◆ Instructions to follow
Of all the lines below, output only those starting at the one with "お手洗いは、白を基調とした清" and ending at the one with "Incluída neste conjunto, há", both ends included, exactly as written.

◆ Data for processing

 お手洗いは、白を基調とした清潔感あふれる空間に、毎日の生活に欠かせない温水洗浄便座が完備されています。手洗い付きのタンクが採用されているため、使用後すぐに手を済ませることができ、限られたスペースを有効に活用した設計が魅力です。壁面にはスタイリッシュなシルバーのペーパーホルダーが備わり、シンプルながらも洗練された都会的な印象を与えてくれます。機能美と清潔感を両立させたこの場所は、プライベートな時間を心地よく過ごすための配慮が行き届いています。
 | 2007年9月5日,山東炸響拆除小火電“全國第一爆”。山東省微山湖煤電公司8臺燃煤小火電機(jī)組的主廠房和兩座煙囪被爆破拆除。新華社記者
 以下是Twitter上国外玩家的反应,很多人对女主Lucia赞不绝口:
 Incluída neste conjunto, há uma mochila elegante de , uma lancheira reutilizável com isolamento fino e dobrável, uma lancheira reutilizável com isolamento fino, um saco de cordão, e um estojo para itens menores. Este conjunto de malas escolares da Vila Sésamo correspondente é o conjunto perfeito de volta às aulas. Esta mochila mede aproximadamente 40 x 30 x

...

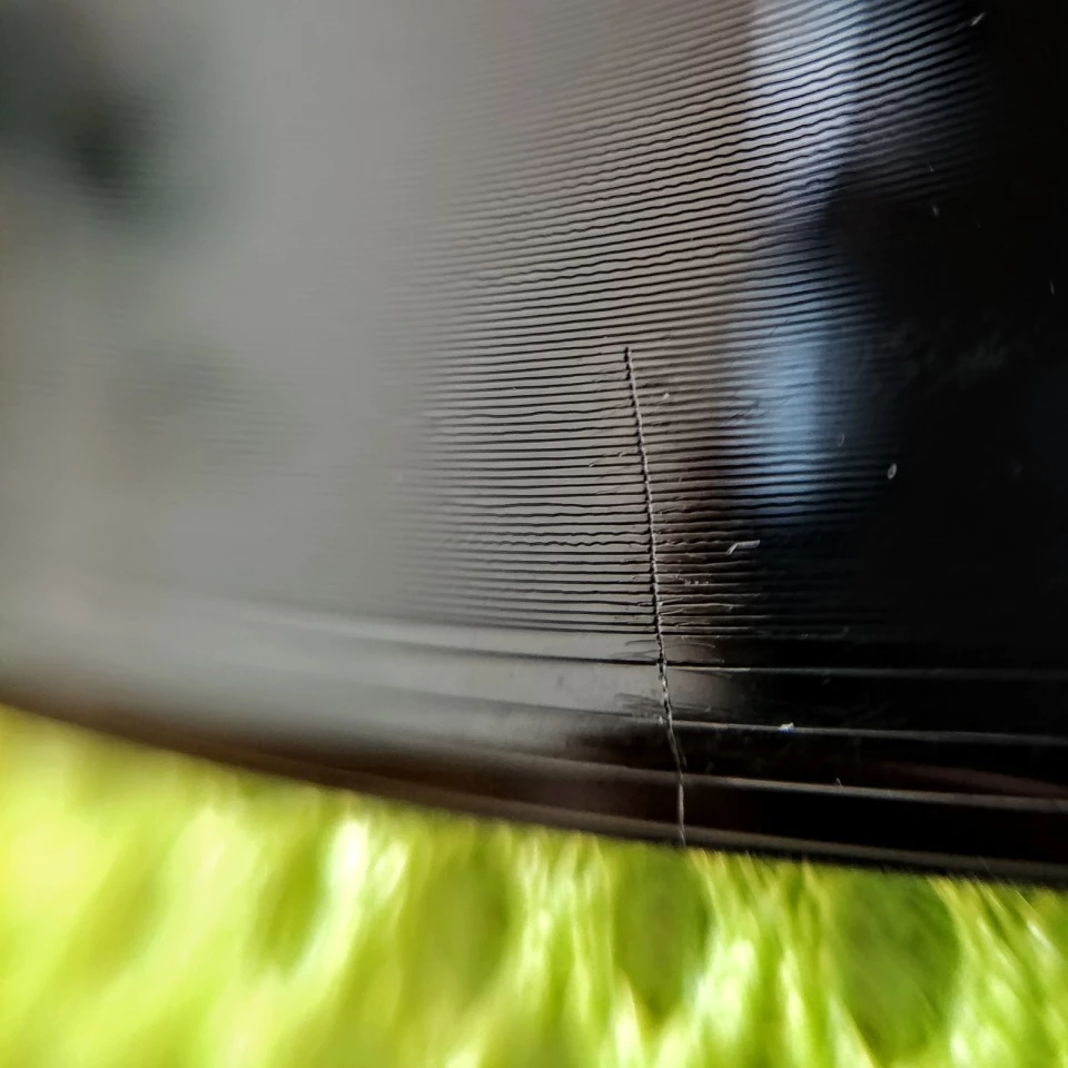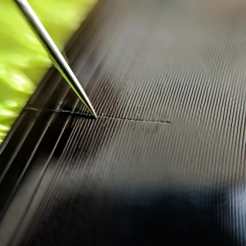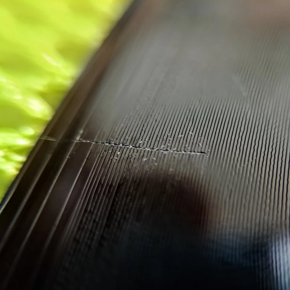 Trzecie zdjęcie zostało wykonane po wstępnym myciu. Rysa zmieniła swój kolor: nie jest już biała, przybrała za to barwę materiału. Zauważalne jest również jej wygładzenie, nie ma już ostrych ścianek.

◆ Task response
 お手洗いは、白を基調とした清潔感あふれる空間に、毎日の生活に欠かせない温水洗浄便座が完備されています。手洗い付きのタンクが採用されているため、使用後すぐに手を済ませることができ、限られたスペースを有効に活用した設計が魅力です。壁面にはスタイリッシュなシルバーのペーパーホルダーが備わり、シンプルながらも洗練された都会的な印象を与えてくれます。機能美と清潔感を両立させたこの場所は、プライベートな時間を心地よく過ごすための配慮が行き届いています。
 | 2007年9月5日,山東炸響拆除小火電“全國第一爆”。山東省微山湖煤電公司8臺燃煤小火電機(jī)組的主廠房和兩座煙囪被爆破拆除。新華社記者
 以下是Twitter上国外玩家的反应,很多人对女主Lucia赞不绝口:
 Incluída neste conjunto, há uma mochila elegante de , uma lancheira reutilizável com isolamento fino e dobrável, uma lancheira reutilizável com isolamento fino, um saco de cordão, e um estojo para itens menores. Este conjunto de malas escolares da Vila Sésamo correspondente é o conjunto perfeito de volta às aulas. Esta mochila mede aproximadamente 40 x 30 x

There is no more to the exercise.